Molen Van Dissel

Windvang en molendwang

Tijd van burgers en stoommachines

Al aan het begin van de 15de eeuw stond er een molen in Enter. Eigenaar was de heer van Saasvelt. De molen stond ver buiten de bebouwde kom aan de huidige Ypeloweg op de molenbelt dicht bij de Regge. Het was een zogenaamde stenderkaste. Het molenhuis met de wieken was bevestigd aan een zware verticale paal, de stender, en kon met behulp van kruipalen en kettingen in en uit de wind gedraaid worden. De molenaar van de Entermolen woonde in wat de Enternaren het "Duutse hoes" noemden. Bouwheer Frans Jozef Lokamp uit Ahaus liet het huis in Duitse vakwerkbouw optrekken.

Molendwang

Het recht van windvang was sinds de 12de eeuw voorbehouden aan de landheer. Het was een hoogheerlijk recht. In Enter had de Bisschop van Utrecht het recht van windvang dat hij in leen had afgestaan aan de heer van Saasfelt. Afhankelijk van de grootte van een gemeenschap waren er één of meerdere molens. In Enter werd tot de Franse Tijd maar één molen toegestaan waar alle inwoners verplicht waren hun graan te laten malen. Daarna werd de molendwang afgeschaft.

Scheploon

De beloning van de molenaar voor het malen van het aangeboden graan bestond uit het scheppen van een bepaalde hoeveelheid meel uit de zak waarin het meel opgeborgen was. Dit was in het algemeen 1/32 deel. In de gemeenteraad werd in 1823 geklaagd dat de mulder in Enter hiermee de hand lichtte en soms wel 1/16 deel schepte. Het scheploon werd in de schepkist gedaan die voorzien was van dubbele sloten. Eén voor de molenaar en één voor commies van de belasting. Als de kist vol was moest er afgerekend worden. De belasting op het gemaal was in de Tachtigjarige Oorlog ingevoerd omdat de overheid in geldnood zat.

De molen van Distel

Op 13 juli 1829 kreeg Frans ter Halle koninklijke goedkeuring voor het oprichten van een tweede "koornmolen" in Enter.
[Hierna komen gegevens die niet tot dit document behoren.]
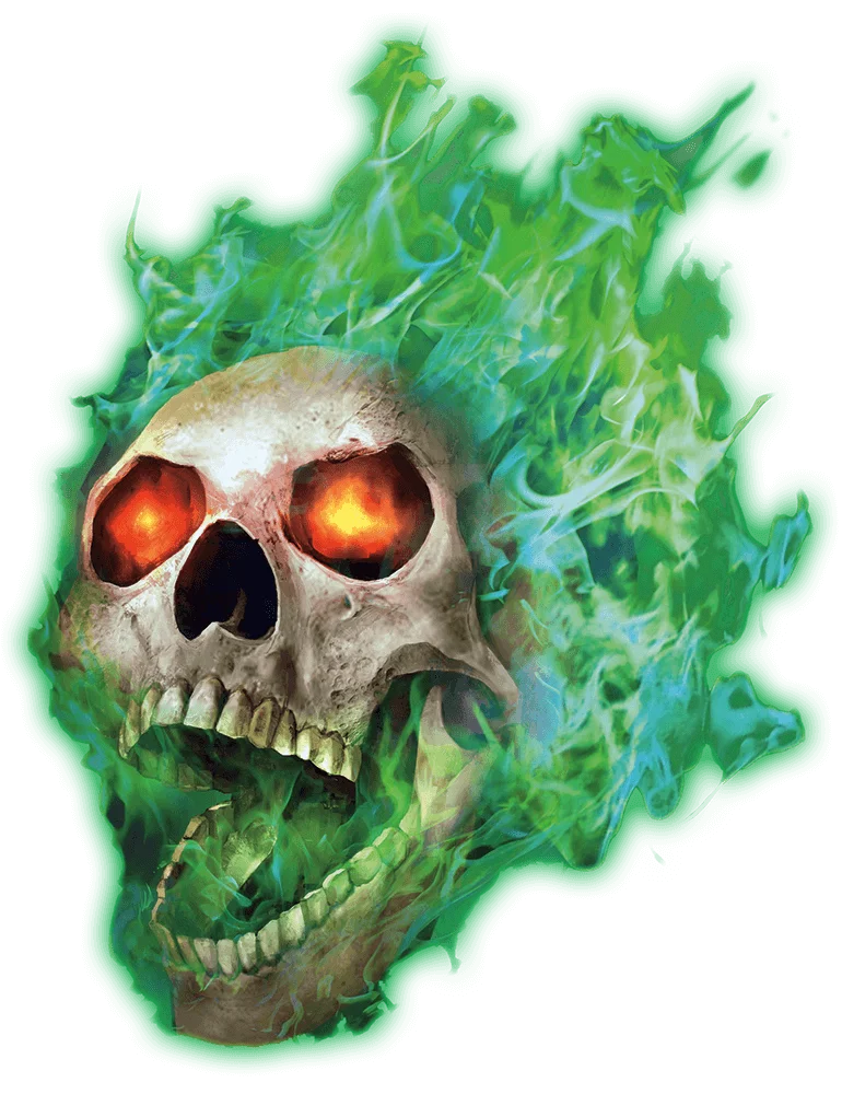 Blazing green flames and mad, echoing laughter follow a disembodied skull as it patrols its demesne. When the undead flameskull discovers trespassers, it blasts the intruders with fiery rays from its eyes and dreadful spells called up from the dark recesses of its memory.

Deze molen verrees op de huidige kruising van de Prins Bernhardlaan met de Disselsweg. Als molenaarsknecht was bij Ter Halle in dienst Jan Herm Distel uit Ambt Delden. Toen Ter Halle in 1849 overleed kwam de molen in het bezit van de familie Distel. Deze molen was een heel andere molen dan de molen op de Mors. Het was een achtkantige bergmolen met twee koppels maalstenen, gebouwd op een kunstmatige heuvel. Een koppel maalstenen bestond uit een "ligger" en een "loper".

Brand en storm

Op 2 oktober 1852 trof een hevige storm het dorp Enter. De kap en de roeden van de molen van Distel werden hierbij afgerukt en ook het binnenwerk liep grote schade op. Bij een volgende zware storm op 7 december1868 waaide de hele stenderkast op de Mors omver en werd geheel verbrijzeld. In 1869 kreeg eigenaar Brinkwerth toestemming een nieuwe molen te bouwen aan het Noordeinde van de Dorpsstraat. Beide molens kregen ook met brand te maken. In 1918 brandde de molen van eigenaar Bouwhuis in het Noordeinde af en in 1923 de molen van Distel. Distel herbouwde de windmolen niet, maar stichtte een mechanisch aangedreven maalderij. Bouwhuis daarentegen liet met materialen van een afgebroken molen uit Albergen de windmolen nog weer opbouwen. Maar de concurrentie van de mechanisch aangedreven maalderijen werd hem te groot. In 1932 verdween de laatste windmolen als beeldbepalend bouwwerk uit Enter.